Isaiah tells Ahaz that God will give him a sign and goes on to foretell the coming of Christ. God has given me the same sign as I await Christ’s Second Coming. Until then, I pray I will look to Immanuel for the reassurance I need when I worry. If I wait for His return with a heart focused upon the good, I won’t have to worry about getting weary, making other people weary, or wearying God.
Children grow weary waiting out this interminable week before Christmas. Parents grow weary wondering how they will ever finish all they have to do in such a short time. Wouldn’t it be great if we stopped worrying and let our hearts be filled with the sweet knowledge that God has a plan, and it’s working out wonderfully without our worrying.

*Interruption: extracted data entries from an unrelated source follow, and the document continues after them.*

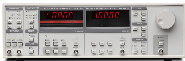
SR810 DSP Single Phase Lock-In Amplifier
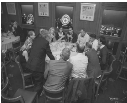
Guests interacting in the workshop
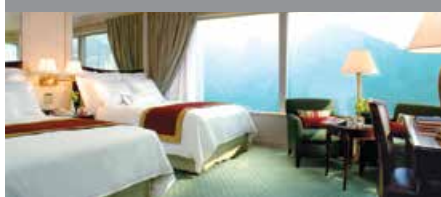
JW Marriott Hotel Hong Kong

Club Points Per Night: 8,000 - Standard Room

Psalm 146:3-10 is a powerful reminder of where to put my trust. God never fails and is God for Good!
Don’t put your life in the hands of experts
who know nothing of life, of salvation life.
Mere humans don’t have what it takes;
when they die, their projects die with them.
Instead, get help from the God of Jacob,
put your hope in God and know real blessing!
God made sky and soil,
sea and all the fish in it.
He always does what he says—
he defends the wronged,
he feeds the hungry.
God frees prisoners—
he gives sight to the blind,
he lifts up the fallen.
God loves good people, protects strangers,
takes the side of orphans and widows,
but makes short work of the wicked.
God’s in charge—always.
Zion’s God is God for good!
Hallelujah! (The Message)
The things and people of this world are wonderful, but my trust must be in God. He sees what I cannot and knows His creation better than anyone. Psalm 146 allows me to relax and remember that it is God’s world, and I am His daughter. I don’t have to do anything but love Him and those in my path. That’s more than enough to keep me occupied for as long as I’m here. There is sweet peace in knowing that I don’t have to do what only He can do.
Life gets frustrating when I think I have to do all and be all. God doesn’t need for me to be Him or defend Him, just trust Him and know that He is in charge now and always. He “is God for good!” That gives me hope and makes me want to shout Hallelujah! along with the psalmist who penned this beautiful song.